How do I even start approaching this limit?

Question

$\lim_{x\rightarrow 0} x\sqrt{1+\frac{1}{x^{2}}}$

I have this limit and I don't have the slightest idea about how to solve it. I know that it doesn't exist because the right-hand limit is $1$ and the left-hand limit is $-1$. However, I'm not sure about how to solve it without actually computing values close to zero. I already tried factoring to eliminate the discontinuity, I also tried L'Hôpital's rule, tried algebraic manipulation (i.e. squaring the function) and I don't know what else to try.

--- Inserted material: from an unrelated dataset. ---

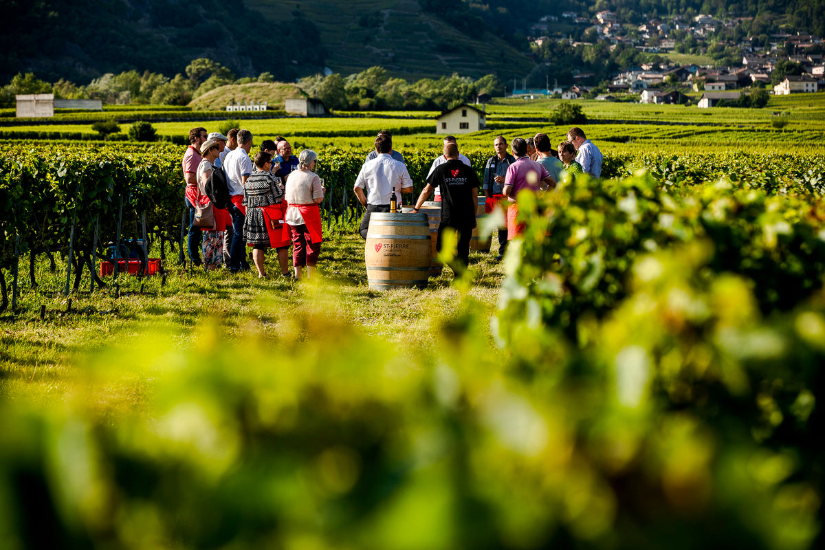 Wir treffen uns am Bahnhof St-Pierre-de-Clages um 9 Uhr (oder um 9:30 Uhr im Weinkeller), um gemeinsam in die Weinberge aufzubrechen. Dieser Spaziergang (ca. 15 Minuten) bietet die Gelegenheit, Ihnen unsere Geschichte zu erzählen und gleichzeitig die Arbeit im Weinberg zu erklären. Anschließend setzen wir die Theorie direkt im Rebberg in die Praxis um. Danach begeben wir uns in den Keller für eine Besichtigung und die Fortsetzung der Weinlesearbeiten. Dann ist es Zeit für das „Valaiser Casse-croûte“ (Kartoffeln, Käse, Fleisch …). Natürlich wird der gesamte Tag von Degustationen unserer verschiedenen Weine begleitet! Der Tag endet gegen 15 Uhr.

Additionally, I would be very thankful if you could point me to resources, or book chapters where I can learn how to deal with harder limits (not necessarily including trigonometric functions, as I study economics and we barely deal with that kind of functions at all.)

Answer 1

$$\\ \lim _{ x\rightarrow 0 } x\sqrt { 1+\frac { 1 }{ x^{ 2 } } } =\lim _{ x\rightarrow 0 } x\frac { \sqrt { 1+x^{ 2 } } }{ \left| x \right| } =\lim _{ x\rightarrow 0 } \begin{cases} \sqrt { 1+{ x }^{ 2 } } & x>0 \\ -\sqrt { 1+{ x }^{ 2 } } &x<0 \end{cases}=\lim _{ x\rightarrow 0 } \begin{cases} 1& x>0 \\ -1&x<0 \end{cases}\\ $$

Answer 2

Note that you should move the $x$ into the radical:

$$\begin{array} \ x\sqrt{1+x^{-2}} & = \sqrt{x^2}\sqrt{1+x^{-2}} \\ & = \sqrt{x^2(1+x^{-2})} \\ & = \sqrt{x^2+1} \\ \end{array}$$

if $x>0$

If $x<0$,

$$x\sqrt{1+x^{-2}}=-\sqrt{x^2+1}$$

Then the limit should be very easy.